MindLeap VR system throws away controllers, reads minds

Virtual Reality might have just gotten a wee bit weirder. Or fancier, depending on your take. Neurotechnology company MindMaze is growing out of its roots in the medical industry and stepping into the games biz. At GDC 2015, it just revealed what could be the evolution of VR platforms, even while VR platforms are still at a growing phase. MindLeap, as it is called, may look like a regular head-mounted display, but you won't need controllers or even gloves to use it. All you need is to think.
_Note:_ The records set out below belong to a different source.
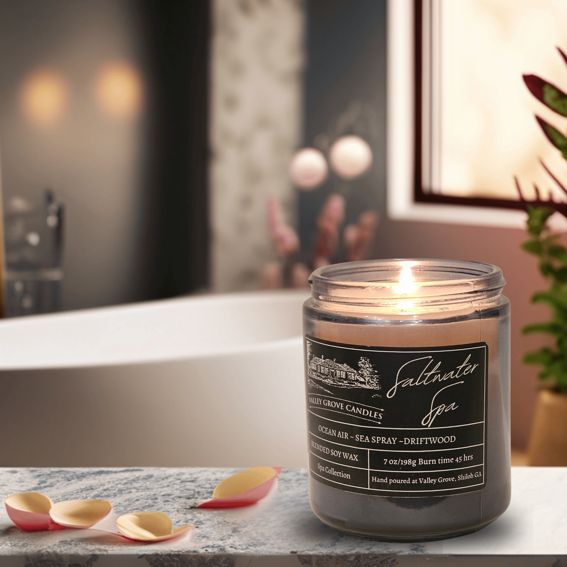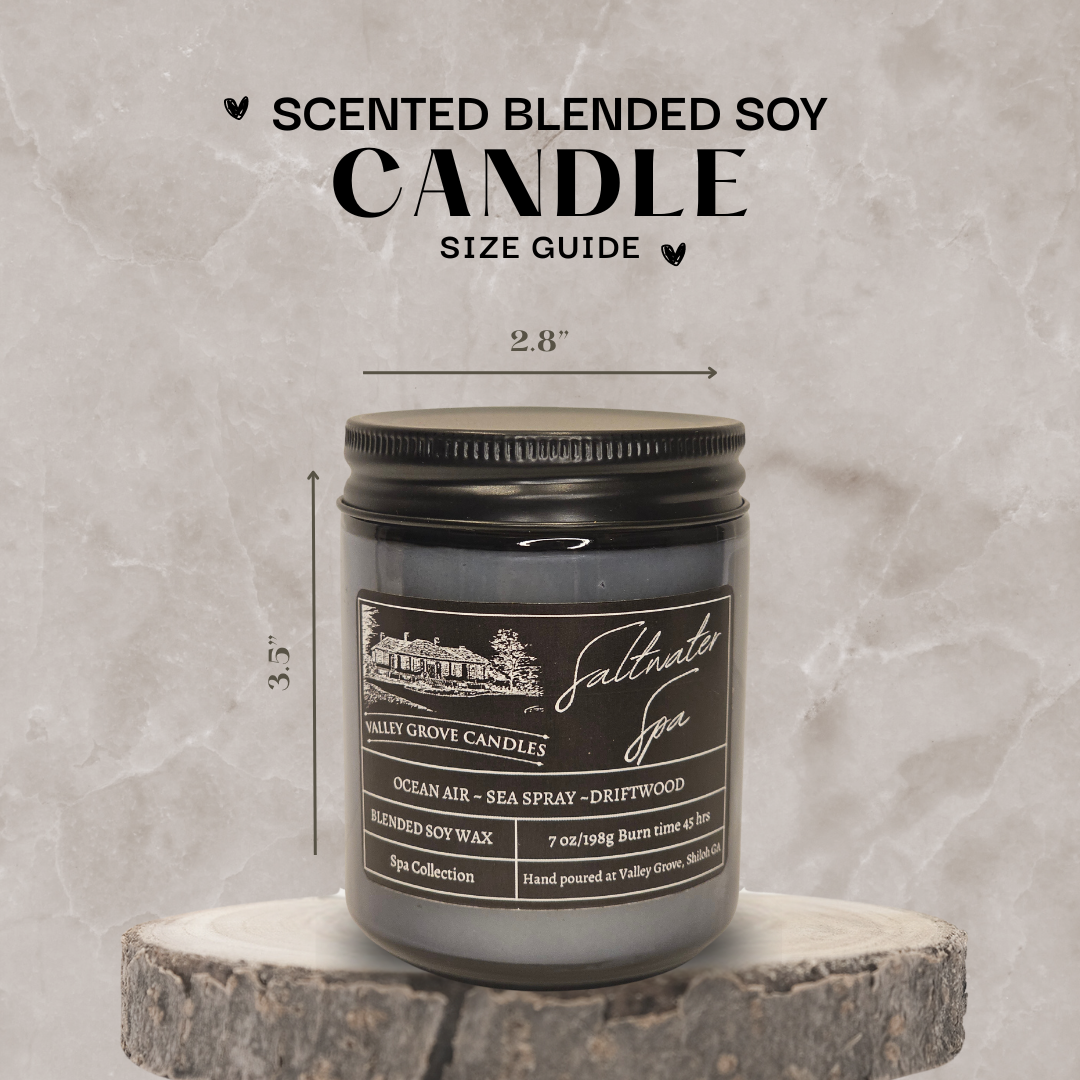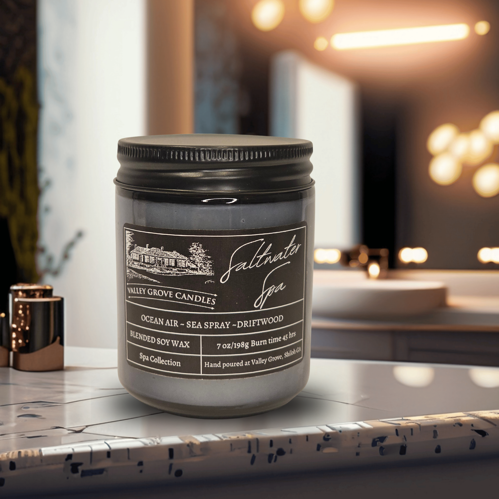 Indulge in the coastal tranquility of our Saltwater Spa candle. Infused with notes of ocean air, sea spray, and driftwood, this candle captures the essence of a serene seaside escape. The refreshing aroma of ocean air and sea spray brings a crisp, invigorating feel, while the earthy scent of driftwood grounds the experience, evoking the peacefulness of the shore. Let the stress melt away and revitalize your mind and body. Escape to the ocean without leaving your home.
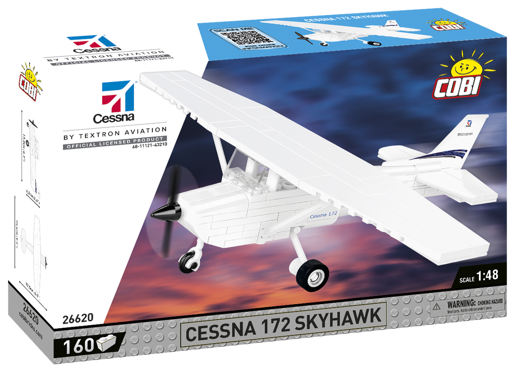 We designed the block model with attention to detail in a scale of 1:48 using 160 elements. Its size fits perfectly into the collection of our modern aircraft. The model has rotating wheels and a movable propeller. There are also prints on the blocks, no stickers here! Especially for this set we designed a new block shape - a vertical stabilizer - so that our model imitates its inspiration as realistically as possible. Building the set is simple and hassle-free thanks to the clear paper instructions and the block Cessna 172 Skyhawk is a must-have model for civil aviation enthusiasts. Take your passion home and build it!
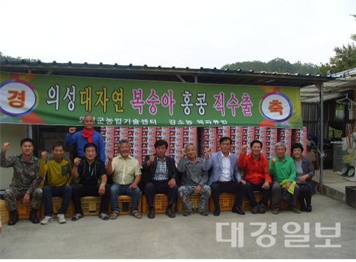 의성군강소농핵과류 회장인 안평면 대사2리 홍영교 씨가 7년전에 귀농해 남다른 열정으로 재배 기술로 생산한 복숭아(양홍장)를 26일 홍콩으로 192박스(2㎏)를 직수출했다.이번 첫 홍콩직수출은 복숭아 수급조절 뿐만 아니라 홍콩에 복숭아 직거래 수출을 함으로써 향후 의성산 농산품의 홍콩 직수출의 계기를 마련한 데에 큰 의미를 갖는다.
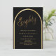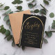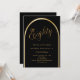An elegant 80th birthday invitation. A black background with a golden arch on the front.
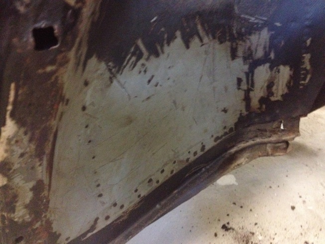 nåra timmer till i garasjet i dag , tvättade rent i hjulhusen på høgersidan . Ser inte alls illa ut när det gjelder rost , men tror bilen har haft en liten krokk på høgersidan fram . Inte så lett att veta hur det borde sett ut ..så om nån har en bra bild på en perfekt høger innerskjärm tas det imot med takk.
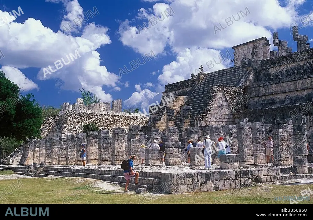 Temple of the Warriors with the Court of the Thousand Columns, Mayan ruins of Chichen Itza, Yucatan, Mexico, North America, Central America.

MindMaze got its tech chops from creating systems that would help patients with neurological deficits recover faster. In one example, a patient who had lost an arm used the system to help cope with phantom pain and the loss of a limb. The platform offered little to no latency when it came to interpreting and processing brain signals into actions, something which MindMaze thought would be a perfect fit for games.

MindLeap is composed of two hardware parts. The first is the usual headset. But instead of just displaying images and tracking head motion, the device is equipped with sensors to detect signals from brain activity. These signals are then interpreted to mean various actions, depending on the context of the game. Whereas it takes takes about 20 milliseconds to go between brain and touch or 70 milliseconds from sight to brain, MindMaze claims that a direct access to brain signals is even faster.

That said, you won't have to play all your MindLeap games sitting down. The platform also includes a camera for 3D motion capture. While MindMaze started from scratch for most of MindLeap, this half of the system is a clear nod to the Microsoft Kinect. That said, the company had to tweak the idea and implementation in order to account for cases not covered by Kinect, especially in the medical field. MindLeap's camera, for example, will work even if you are sitting down.

MindLeap's first demos are crude and nothing exactly groundbreaking, but they set the stage for things that are to come. In one example, the system interpreted relaxation and tension as offense and defense in a brain-controlled tug of war like game. While it did give your hands a break, your facial muscles would surely have a workout. MindMaze will be making an SDK available within the next six month to help let developers' creative juices flow.